For each record that follows, give it back exactly, with no pictures included.

* [Input data]:
■ ■ ■ ■
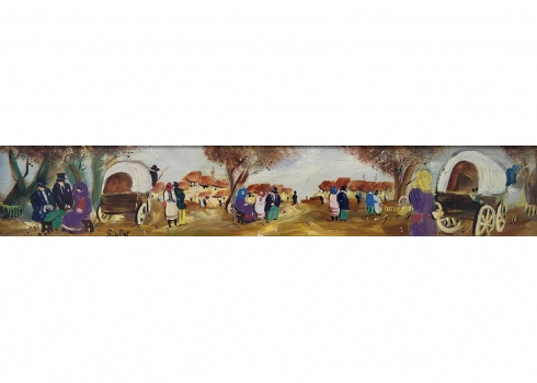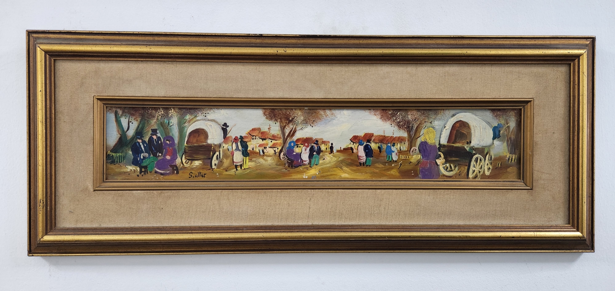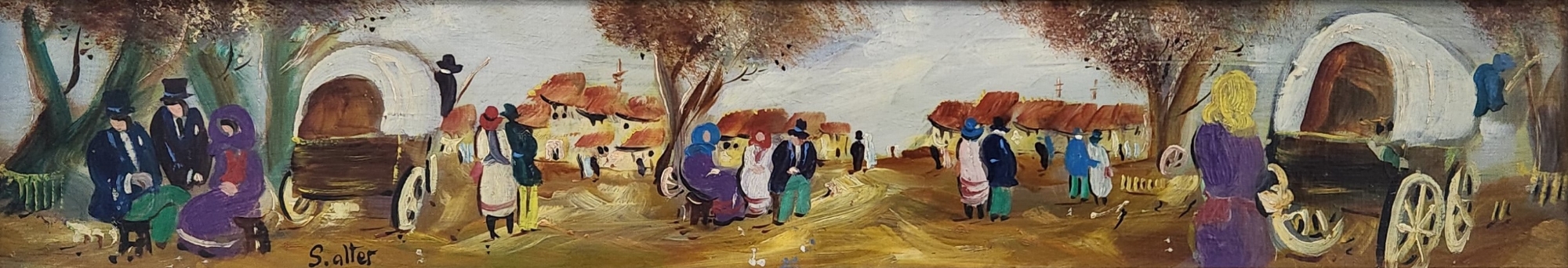 שלמה אלטר (Shlomo Alter) - 'כרכרות בכפר' - ציור ישן ויפה, שמן על בד צרפתי, חתום, מידות הציור: 11X60 ס"מ.
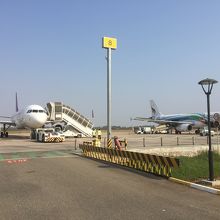 空港に着いてから驚いたのは、ボーディング・ブリッジや送迎バスがなく、タラップを降りて直接歩いてターミナルまで向かったことです。
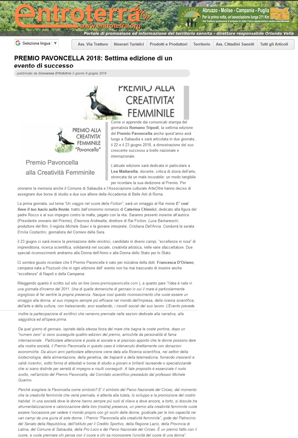 RassegnaStampa: Premio Pavoncella VII Edizione (22-23 giugno 2018) entroterra9062018 Immagine 6 di 19 Share Me On:
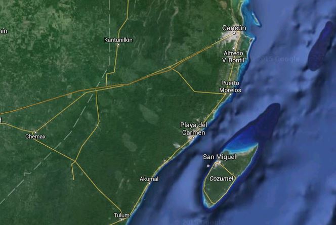 Yucatan: Nördlich Cancun, zentral gelegen Playa del Carmen vorgelagert die Insel Cozumel. Südlich geht es weiter über Akumal und Tulum bis nach Belize. Unten: Die Insel Cozumel, auf der nordöstlichen Seite der Insel befinden sich die Flats & die weitläufigen Flats im Detail |
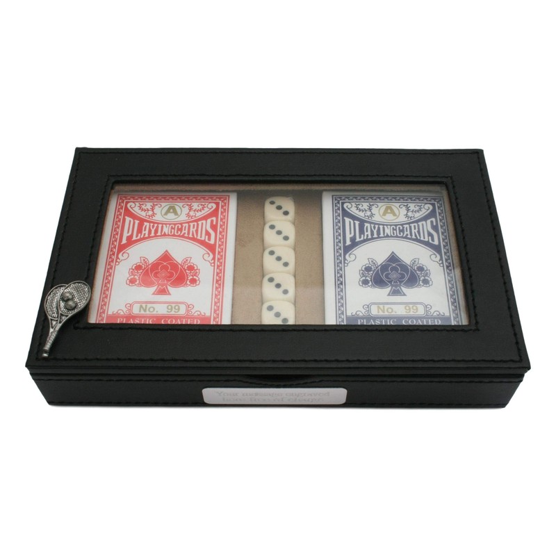 Gamekeepers Cottage gifts Tennis Racket Playing Cards and 5 Dice in Black PU Case Poker Gift With Free Engraving 370 BL
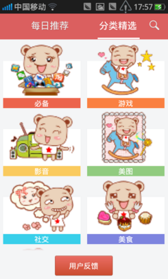 小果除了喜欢浏览时尚资讯外,也爱到软件市场“闲逛”下载一些有趣的软件、游戏。小果发现OPPO Ulike U701底部导航栏上的“U精选”界面非常可爱,完全是为女生而设的。
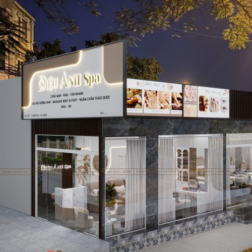 Bộ nhận diện thương hiệu, địa chỉ, thông tin dịch vụ của spa được thể hiện đầy đủ trên biển hiệu mà không hề rối mắt sẽ giúp khách hàng nắm bắt nhanh dịch vụ của spa.
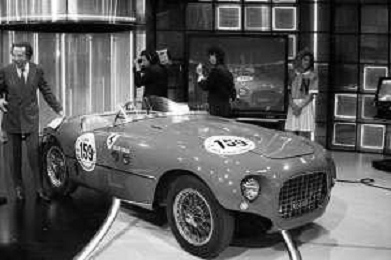 PENTATLON gioco televisivo a premi, trasmesso su Canale 5 nel 1987, condotto da Mike Bongiorno Nella foto con la Ferrari ©Archivio Giovanni Liverani / AGENZIA ALDO LIVERANI SAS
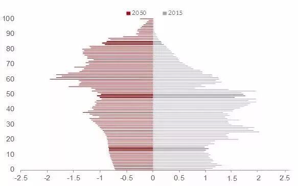 ▲图表:2015、2050年我国人口结构对比(%)
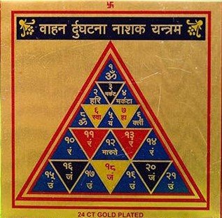 This item: Vahan Durghatna Nashak(वाहन दुर्घटना नाशक) Yantra(यन्त्र)- Gold Plated Copper, Size 3x3 Inch
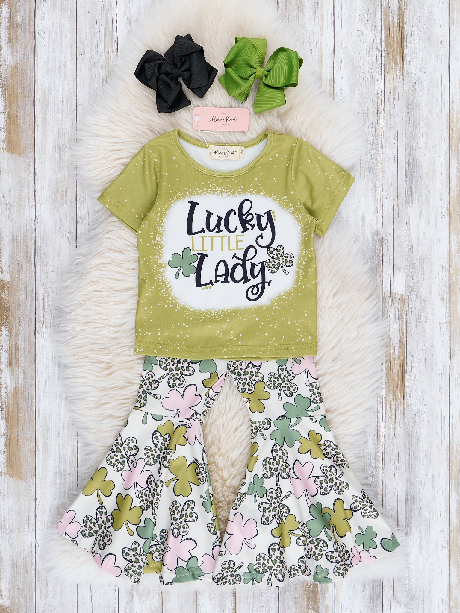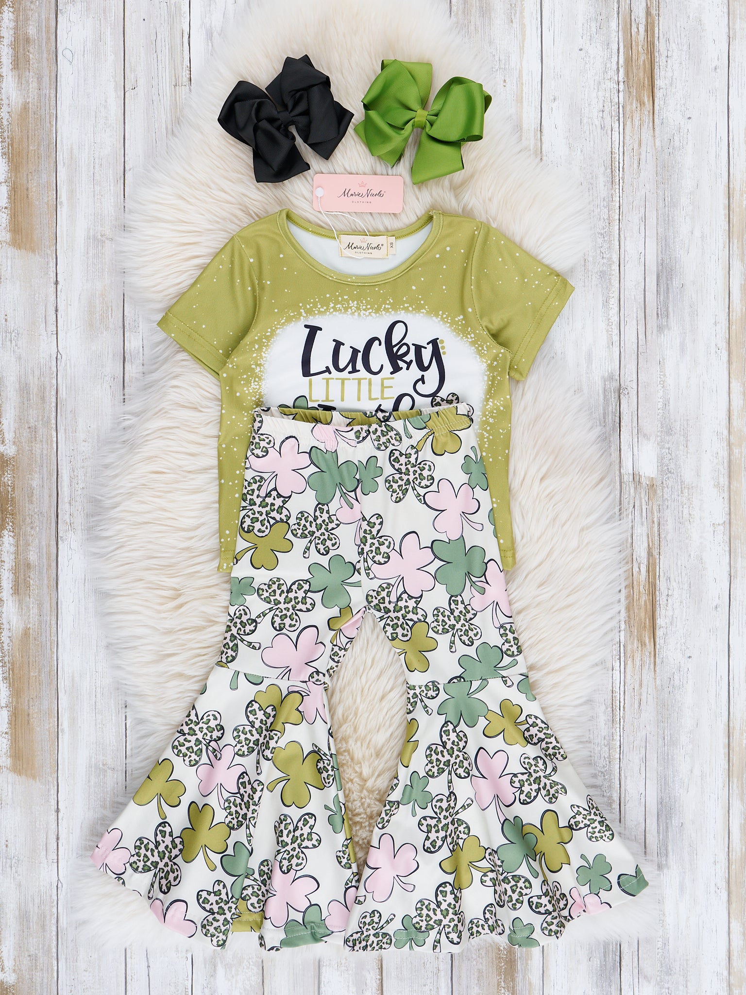 Lucky Pink & Green Clovers Bell Bottom Outfit
■ ■ ■ ■
* [Answer section]:
 שלמה אלטר (Shlomo Alter) - 'כרכרות בכפר' - ציור ישן ויפה, שמן על בד צרפתי, חתום, מידות הציור: 11X60 ס"מ.
 空港に着いてから驚いたのは、ボーディング・ブリッジや送迎バスがなく、タラップを降りて直接歩いてターミナルまで向かったことです。
 RassegnaStampa: Premio Pavoncella VII Edizione (22-23 giugno 2018) entroterra9062018 Immagine 6 di 19 Share Me On:
 Yucatan: Nördlich Cancun, zentral gelegen Playa del Carmen vorgelagert die Insel Cozumel. Südlich geht es weiter über Akumal und Tulum bis nach Belize. Unten: Die Insel Cozumel, auf der nordöstlichen Seite der Insel befinden sich die Flats & die weitläufigen Flats im Detail |
 Gamekeepers Cottage gifts Tennis Racket Playing Cards and 5 Dice in Black PU Case Poker Gift With Free Engraving 370 BL
 小果除了喜欢浏览时尚资讯外,也爱到软件市场“闲逛”下载一些有趣的软件、游戏。小果发现OPPO Ulike U701底部导航栏上的“U精选”界面非常可爱,完全是为女生而设的。
 Bộ nhận diện thương hiệu, địa chỉ, thông tin dịch vụ của spa được thể hiện đầy đủ trên biển hiệu mà không hề rối mắt sẽ giúp khách hàng nắm bắt nhanh dịch vụ của spa.
 PENTATLON gioco televisivo a premi, trasmesso su Canale 5 nel 1987, condotto da Mike Bongiorno Nella foto con la Ferrari ©Archivio Giovanni Liverani / AGENZIA ALDO LIVERANI SAS
 ▲图表:2015、2050年我国人口结构对比(%)
 This item: Vahan Durghatna Nashak(वाहन दुर्घटना नाशक) Yantra(यन्त्र)- Gold Plated Copper, Size 3x3 Inch
 Lucky Pink & Green Clovers Bell Bottom Outfit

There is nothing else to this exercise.